[Bioperl-l] free energy of two RNA
Barry Moore
barry.moore at genetics.utah.edu
Wed May 19 12:20:39 EDT 2004
Vesselin-
I'll preface these comments by saying that this is not my field, so I
only know enough about it to be dangerous. John Santa Lucia has a web
server running a program called Hyther that will accomplish your task
using a nearest neighbor model which I believe is currently the most
accurate way to predict thermodynamics from sequence
(http://ozone2.chem.wayne.edu/Hyther/hytherm1main.html). Unfortunately,
the code is proprietary, so you can't download the program and run it
locally.
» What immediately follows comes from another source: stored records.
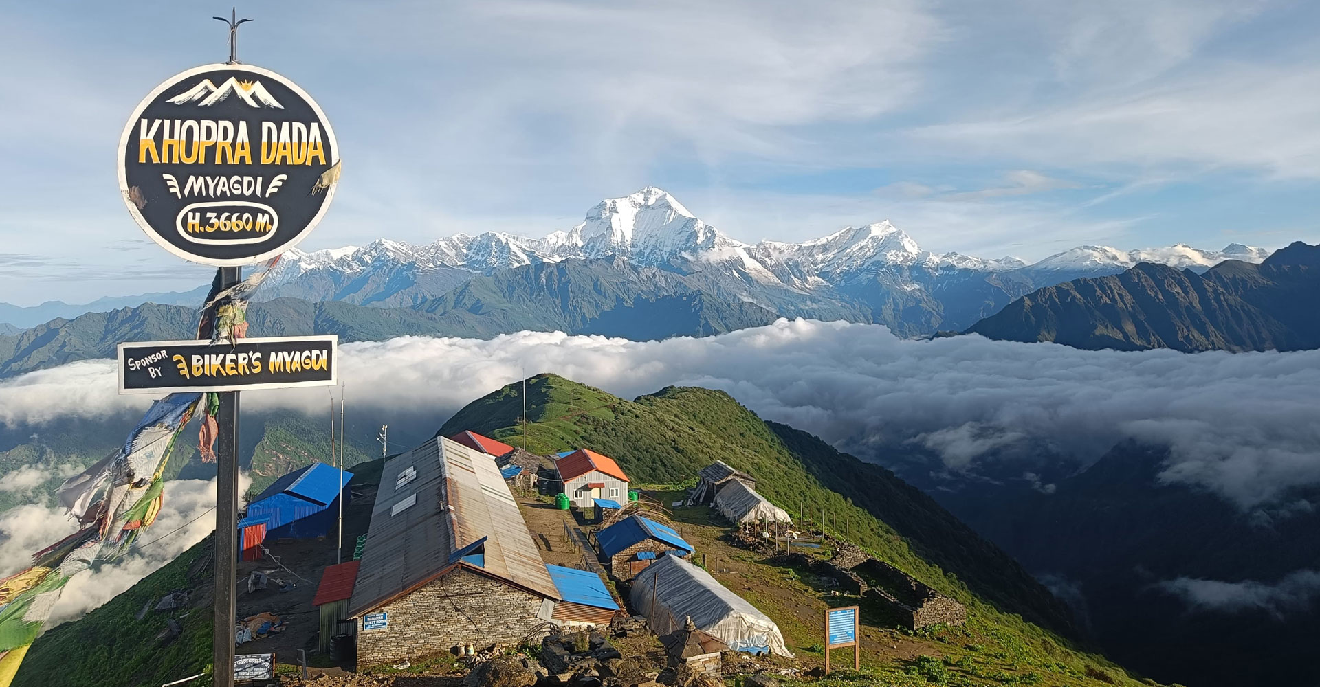 म्याग्दीको अन्नपूर्ण गाउँपालिका–५ खोप्रा (खोपारा) लेकबाट देखिएको धौलागिरि हिमशृङ्खला । समुद्री सतहदेखि तीन हजार ६०० मिटर उचाइमा रहेको खोप्राबाट हिमशृङ्खला, पहाडी भूगोल, सूर्योदय र सूर्यास्तको मनमोहक दृश्य अवलोकन गर्न सकिन्छ
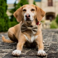 floppy ears, characteristic of breeds like hounds or terriers. On its collar, there's a bowtie that adds
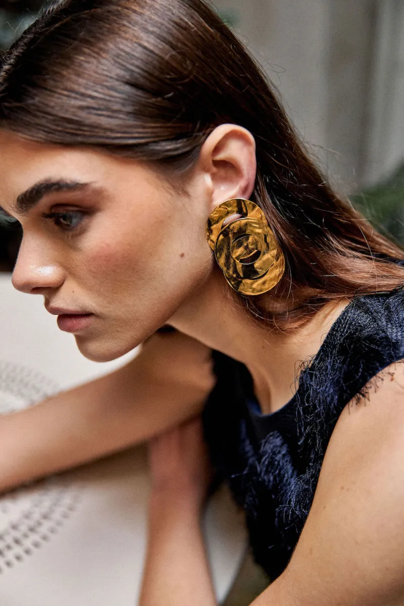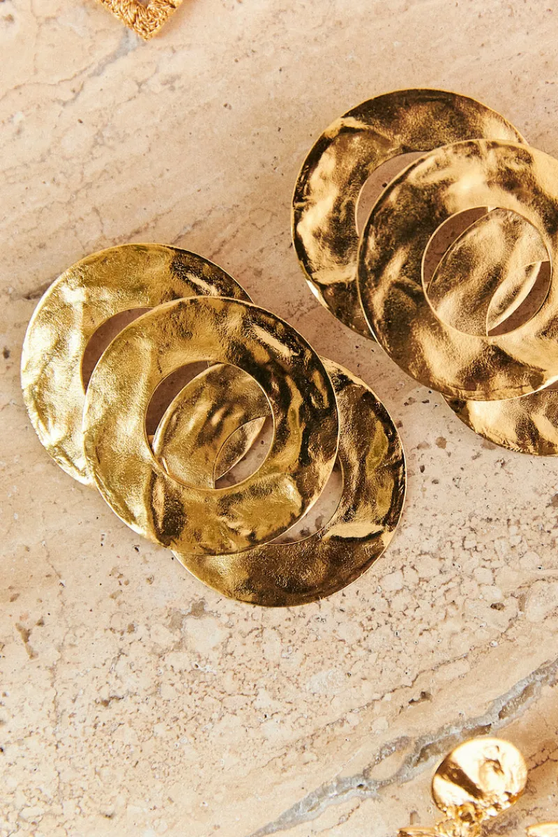 Boucles d’oreilles faites de trois anneaux superposés plaqué or.

If you were hoping to do lots of these calculations, you've
got a couple of options. The Hyther web server uses form posts for
submission. One option would be two write some code using Perl's LWP
module (http://search.cpan.org/~gaas/libwww-perl-5.79/lib/LWP.pm) that
would send off lots hits to the web server. If you want to do it in a
more robust way, you could write some code of your own to do this. The
BioPerl module Bio::SeqFeature::Primer.pm
(http://cvs.bioperl.org/cgi-bin/viewcvs/viewcvs.cgi/bioperl-live/Bio/SeqFeature/Primer.pm?cvsroot=bioperl)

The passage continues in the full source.